The invention relates to a spinning device for production a spun thread by means of a circulating air flow according to the preamble of claim 1.

DE 199 26 492 A1 describes a device for manufacturing a spun thread by means of a circulating air flow known. The sliver to be spun is put into one Nozzle block retracted and passes a sliver guide. The Sliver guide has spaced apart Fiber guide elements on the free passage of a Allow core fiber bundle. At the inlet opening of a spindle the sliver becomes a rotating around the sliver Airflow exposed. The free fiber ends of the sliver are from the circulating air flow at the entrance opening of the Spindle wrapped around the tapered spindle head. At the The sliver is drawn into the hollow spindle these fiber ends spiral around as so-called wrapping fibers the sliver, and a yarn is produced from the sliver, which is discharged through the hollow spindle.

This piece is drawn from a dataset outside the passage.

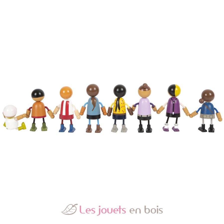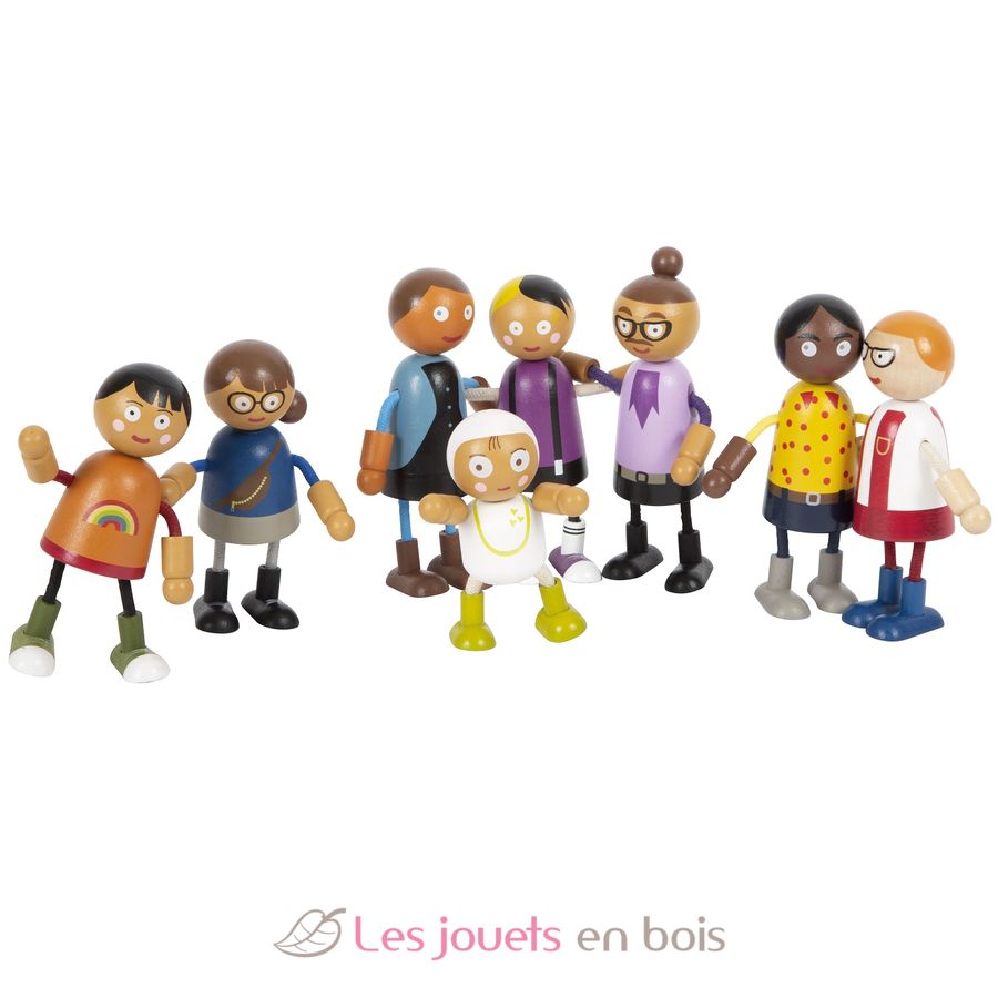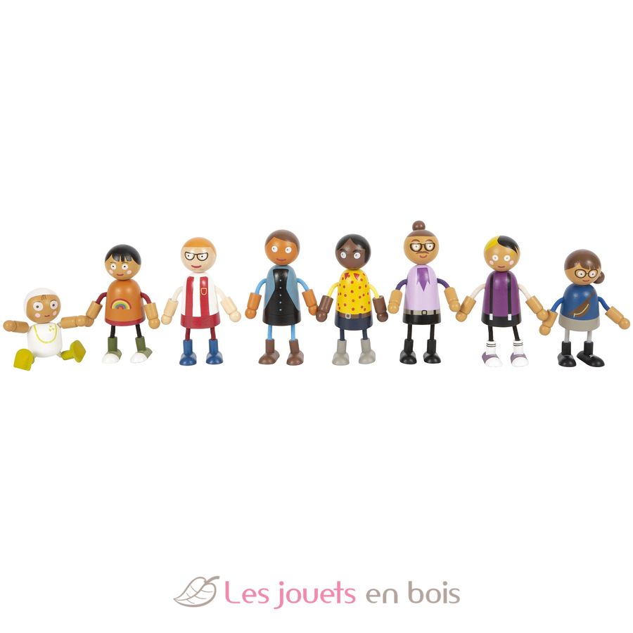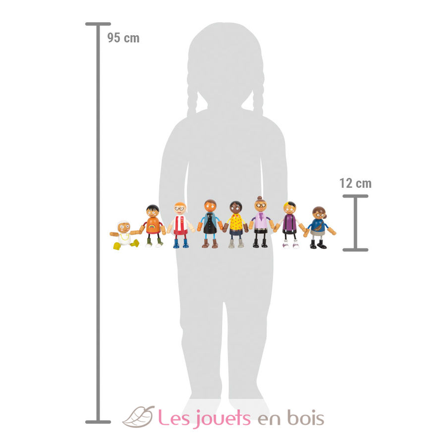 Cette grande famille de poupées soupes en bois est composée de 8 membres de famille. Les poupées souples ont une tête et un torse en bois solide, tandis que leurs bras et jambes flexibles sont adaptés à tous jeu de rôle dans la maison de poupées.

DE 40 36 119 C2 also shows a device for Production of a spun thread by means of a rotating one Air flow, when using free fiber ends of the sliver of the circulating air flow at the inlet opening of the spindle to be wrapped around a tapered spindle head. The In this spinning device, sliver guidance is within of the running fiber strand, so that the fibers of the sliver are arranged on the peripheral surface of the sliver guide.

Modern spinning machines are constantly increasing Productivity and yarn properties requirements posed. Such spinning devices, such as those from the generic DE 199 26 429 A1 or in another version are known from DE 40 36 119 C2, are suitable for high Production speeds with good yarn properties achieve. It is all the more disruptive if during piecing processes with high take-off speeds, as in normal Spinning operations are used, often repetitions of the Piecing process are forced because the piecing at this high yarn speed relatively uncontrolled and done with greatly reduced piecing reliability.

It is known from rotor spinning, the take-off speed significantly lower when spinning compared to spinning, for a more controllable piecing and thus higher To achieve piecing security. However, this is tried Approach from rotor spinning and at one generic spinning device in the piecing phase reduced pull-off speed of the yarn will work thereby temporarily creating a thread in which the yarn strength can be deficient. Such yarn sections with less Strength form undesirable weak points. This increases the Risk of thread breaks and affects the trouble-free Processing of the yarn considerably. In the worst case occurs the thread break already during the piecing phase. This affects the effort with the use of the Air spinning process good yarn quality with high productivity to achieve very disadvantageous. Therefore, it is common for the Piecing process with the high take-off speeds of normal spinning operation and thereby disadvantages such accept frequent repetitions of the piecing process.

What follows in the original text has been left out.